# Task instructions
Reproduce the data below in full and exclude every picture.

# Supplied data

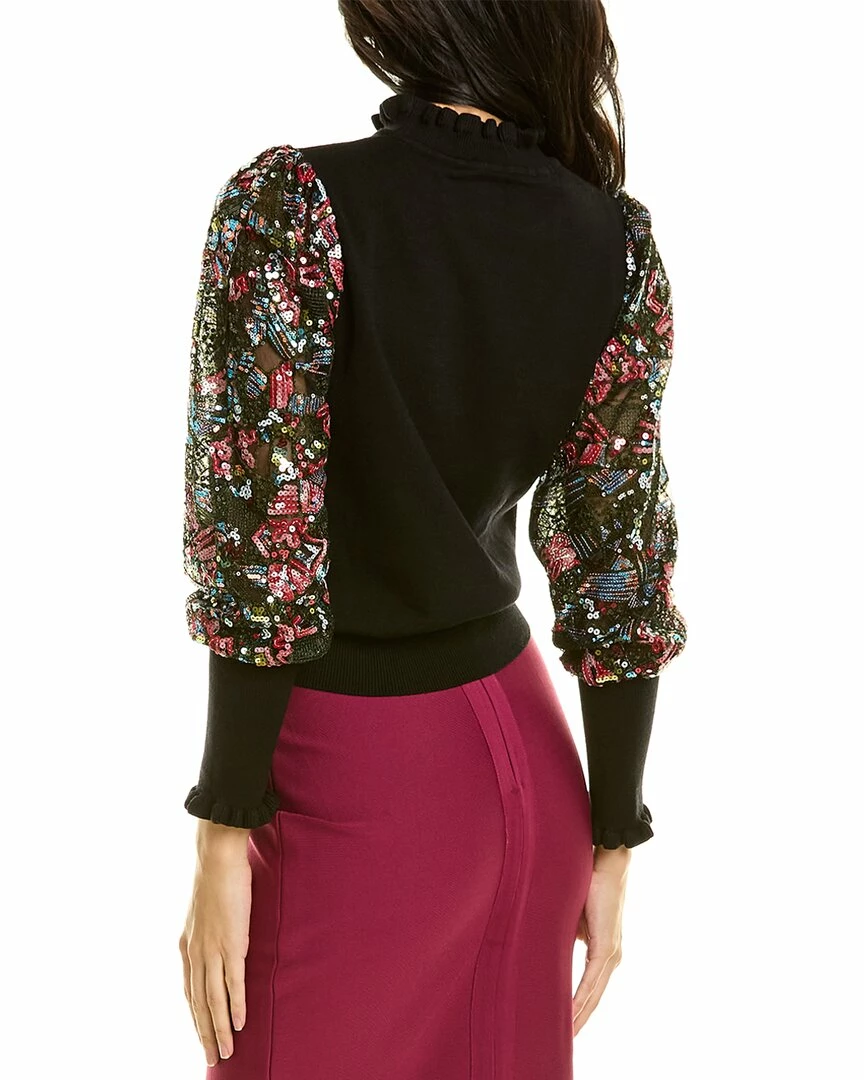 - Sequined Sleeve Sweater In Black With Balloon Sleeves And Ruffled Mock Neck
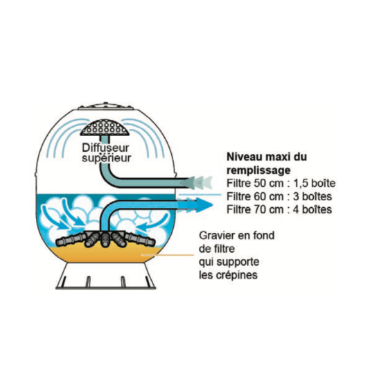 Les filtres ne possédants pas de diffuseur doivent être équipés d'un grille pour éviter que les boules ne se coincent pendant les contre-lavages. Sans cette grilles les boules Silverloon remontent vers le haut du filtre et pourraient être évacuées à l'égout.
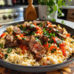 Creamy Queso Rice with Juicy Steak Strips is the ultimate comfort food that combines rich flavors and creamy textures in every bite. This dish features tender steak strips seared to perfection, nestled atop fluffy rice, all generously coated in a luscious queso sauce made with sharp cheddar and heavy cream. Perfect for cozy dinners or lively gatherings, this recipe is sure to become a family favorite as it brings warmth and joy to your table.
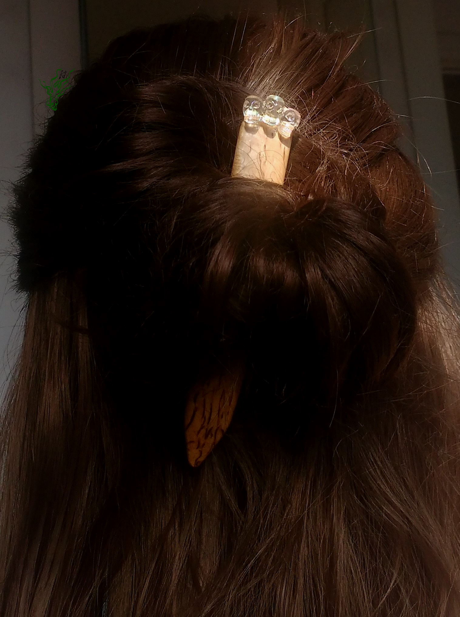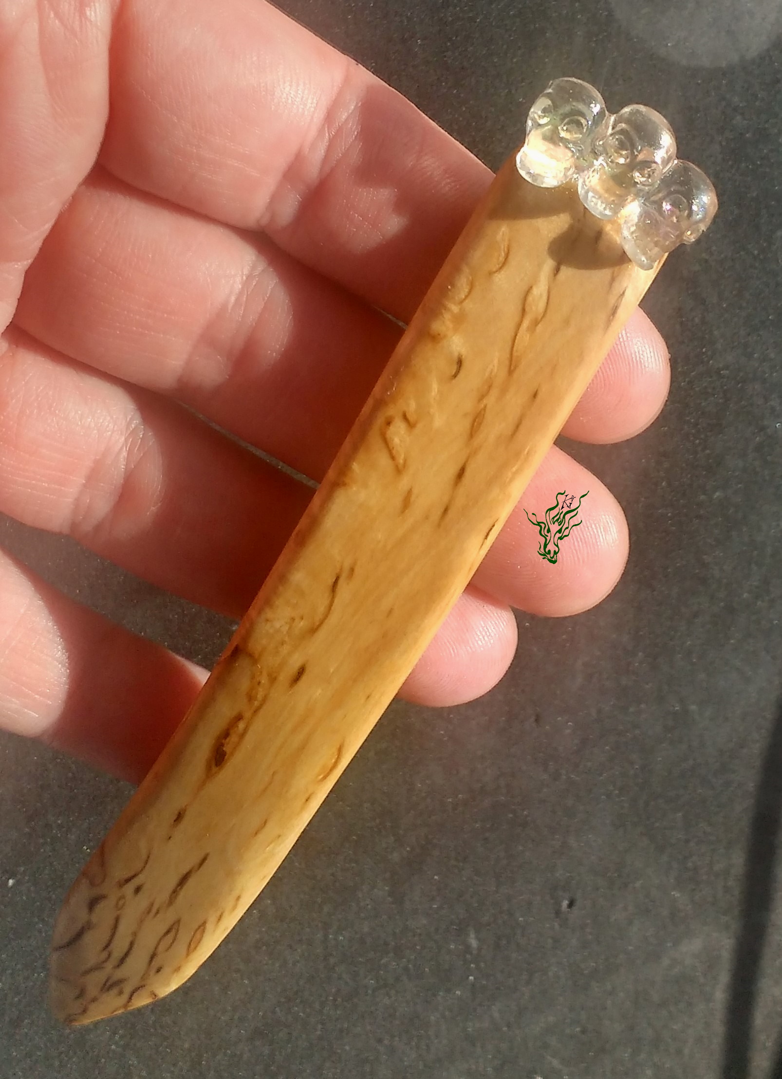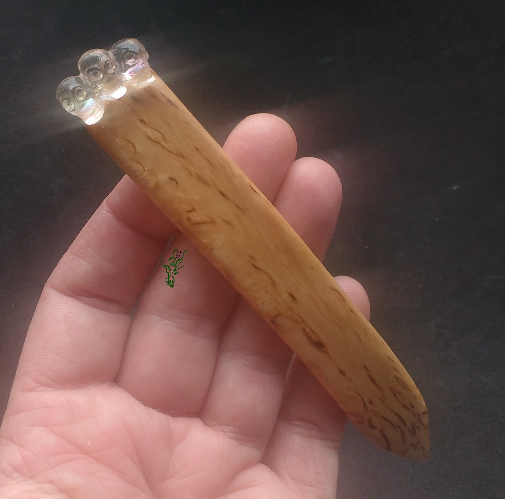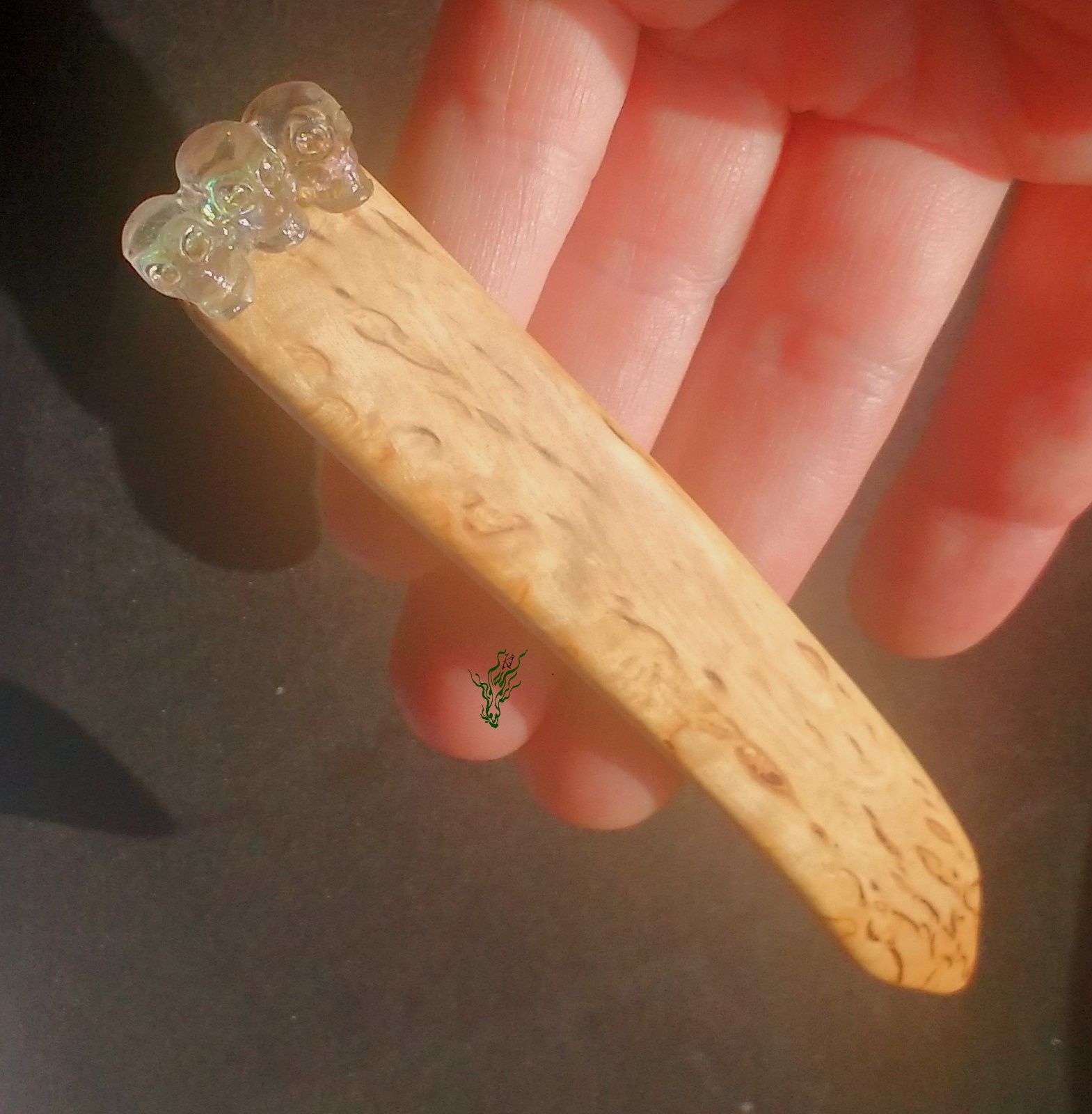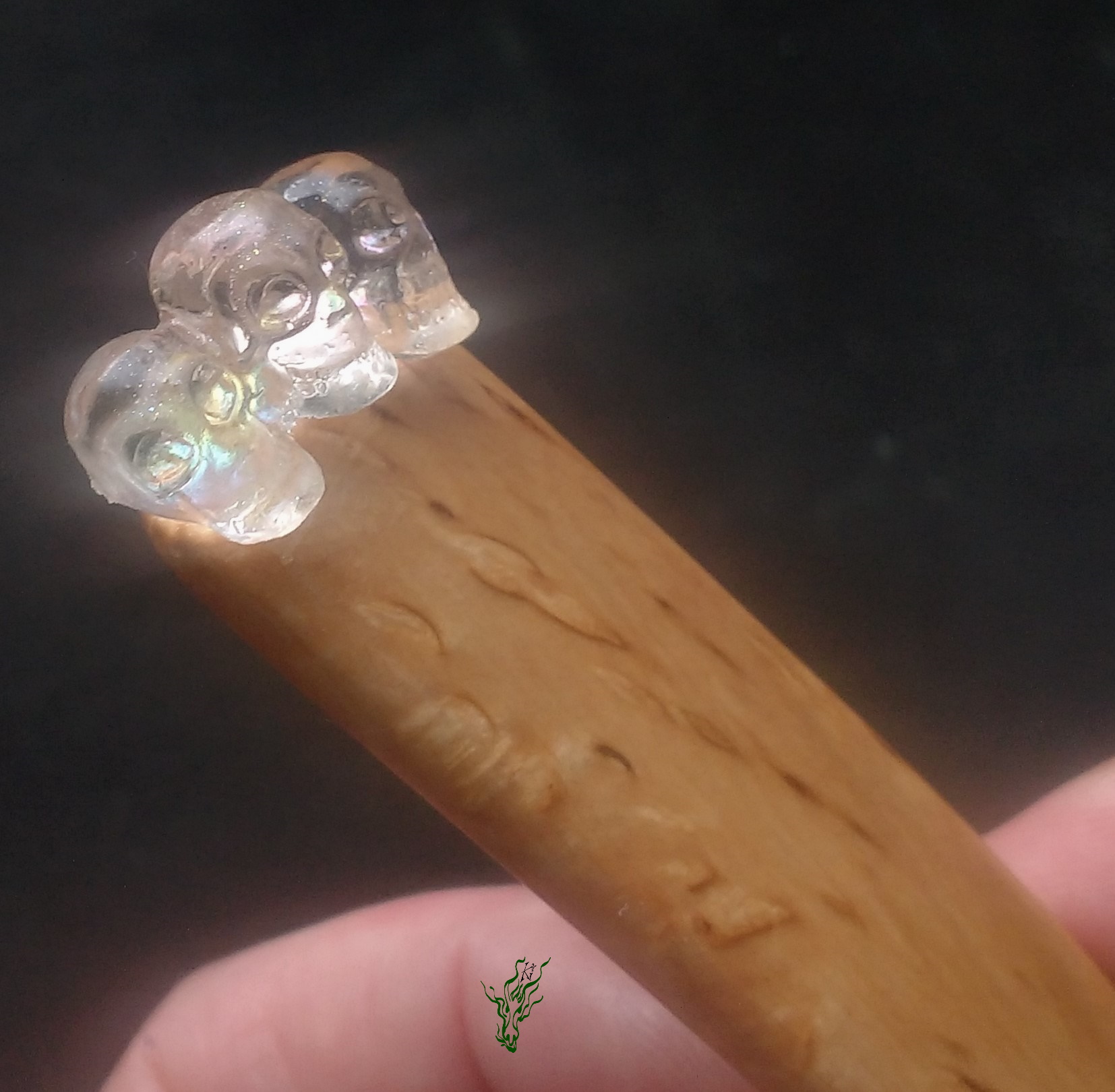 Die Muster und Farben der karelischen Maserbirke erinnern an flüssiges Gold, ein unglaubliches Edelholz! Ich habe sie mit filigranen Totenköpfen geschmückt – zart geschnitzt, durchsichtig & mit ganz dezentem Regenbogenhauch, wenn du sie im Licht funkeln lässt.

# Result of the exercise
 - Sequined Sleeve Sweater In Black With Balloon Sleeves And Ruffled Mock Neck
 Les filtres ne possédants pas de diffuseur doivent être équipés d'un grille pour éviter que les boules ne se coincent pendant les contre-lavages. Sans cette grilles les boules Silverloon remontent vers le haut du filtre et pourraient être évacuées à l'égout.
 Creamy Queso Rice with Juicy Steak Strips is the ultimate comfort food that combines rich flavors and creamy textures in every bite. This dish features tender steak strips seared to perfection, nestled atop fluffy rice, all generously coated in a luscious queso sauce made with sharp cheddar and heavy cream. Perfect for cozy dinners or lively gatherings, this recipe is sure to become a family favorite as it brings warmth and joy to your table.
 Die Muster und Farben der karelischen Maserbirke erinnern an flüssiges Gold, ein unglaubliches Edelholz! Ich habe sie mit filigranen Totenköpfen geschmückt – zart geschnitzt, durchsichtig & mit ganz dezentem Regenbogenhauch, wenn du sie im Licht funkeln lässt.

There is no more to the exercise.